** Dataset records follows **

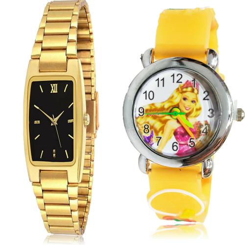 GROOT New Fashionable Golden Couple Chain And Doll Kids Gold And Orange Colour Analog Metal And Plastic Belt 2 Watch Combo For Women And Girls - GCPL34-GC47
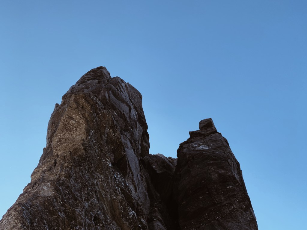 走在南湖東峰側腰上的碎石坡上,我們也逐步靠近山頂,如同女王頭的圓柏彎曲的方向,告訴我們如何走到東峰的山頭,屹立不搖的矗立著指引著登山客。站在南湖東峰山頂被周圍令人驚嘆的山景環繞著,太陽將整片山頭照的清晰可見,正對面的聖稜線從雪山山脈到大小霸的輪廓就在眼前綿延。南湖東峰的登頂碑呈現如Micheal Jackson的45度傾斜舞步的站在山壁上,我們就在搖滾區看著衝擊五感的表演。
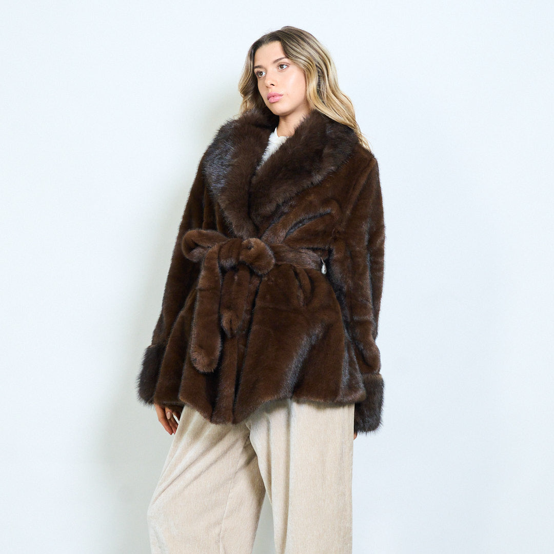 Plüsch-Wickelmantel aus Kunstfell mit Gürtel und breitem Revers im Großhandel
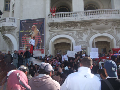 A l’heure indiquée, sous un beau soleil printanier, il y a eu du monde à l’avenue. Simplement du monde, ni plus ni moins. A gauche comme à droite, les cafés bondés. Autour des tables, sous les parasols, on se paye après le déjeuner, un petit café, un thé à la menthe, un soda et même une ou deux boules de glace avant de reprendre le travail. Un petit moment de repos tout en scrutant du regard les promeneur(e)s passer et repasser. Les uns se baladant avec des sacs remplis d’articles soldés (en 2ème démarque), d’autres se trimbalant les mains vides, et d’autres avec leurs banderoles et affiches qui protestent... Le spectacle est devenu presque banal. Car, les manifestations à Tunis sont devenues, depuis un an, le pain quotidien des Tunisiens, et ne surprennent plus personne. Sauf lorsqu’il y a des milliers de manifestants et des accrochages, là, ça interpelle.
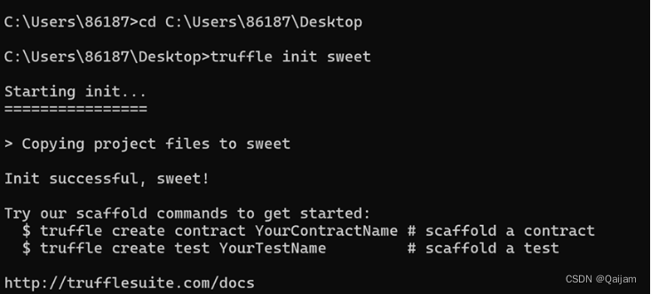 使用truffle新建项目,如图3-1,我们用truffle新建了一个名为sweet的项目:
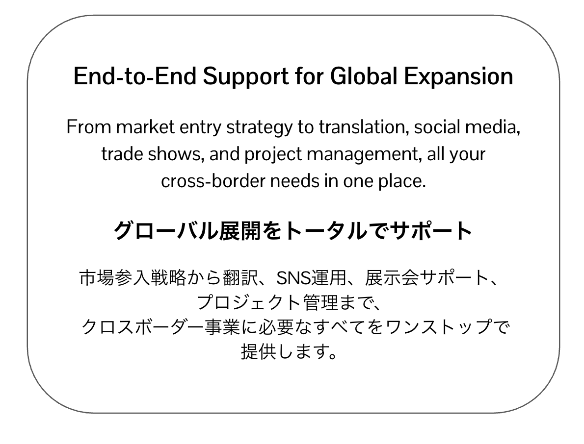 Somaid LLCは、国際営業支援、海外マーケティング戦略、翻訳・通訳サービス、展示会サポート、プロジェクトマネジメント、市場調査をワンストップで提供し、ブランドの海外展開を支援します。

** End of Dataset records **

> Work instructions: Set down the records again exactly as they appear, leaving each picture behind.

> Final answer:
 GROOT New Fashionable Golden Couple Chain And Doll Kids Gold And Orange Colour Analog Metal And Plastic Belt 2 Watch Combo For Women And Girls - GCPL34-GC47
 走在南湖東峰側腰上的碎石坡上,我們也逐步靠近山頂,如同女王頭的圓柏彎曲的方向,告訴我們如何走到東峰的山頭,屹立不搖的矗立著指引著登山客。站在南湖東峰山頂被周圍令人驚嘆的山景環繞著,太陽將整片山頭照的清晰可見,正對面的聖稜線從雪山山脈到大小霸的輪廓就在眼前綿延。南湖東峰的登頂碑呈現如Micheal Jackson的45度傾斜舞步的站在山壁上,我們就在搖滾區看著衝擊五感的表演。
 Plüsch-Wickelmantel aus Kunstfell mit Gürtel und breitem Revers im Großhandel
 A l’heure indiquée, sous un beau soleil printanier, il y a eu du monde à l’avenue. Simplement du monde, ni plus ni moins. A gauche comme à droite, les cafés bondés. Autour des tables, sous les parasols, on se paye après le déjeuner, un petit café, un thé à la menthe, un soda et même une ou deux boules de glace avant de reprendre le travail. Un petit moment de repos tout en scrutant du regard les promeneur(e)s passer et repasser. Les uns se baladant avec des sacs remplis d’articles soldés (en 2ème démarque), d’autres se trimbalant les mains vides, et d’autres avec leurs banderoles et affiches qui protestent... Le spectacle est devenu presque banal. Car, les manifestations à Tunis sont devenues, depuis un an, le pain quotidien des Tunisiens, et ne surprennent plus personne. Sauf lorsqu’il y a des milliers de manifestants et des accrochages, là, ça interpelle.
 使用truffle新建项目,如图3-1,我们用truffle新建了一个名为sweet的项目:
 Somaid LLCは、国際営業支援、海外マーケティング戦略、翻訳・通訳サービス、展示会サポート、プロジェクトマネジメント、市場調査をワンストップで提供し、ブランドの海外展開を支援します。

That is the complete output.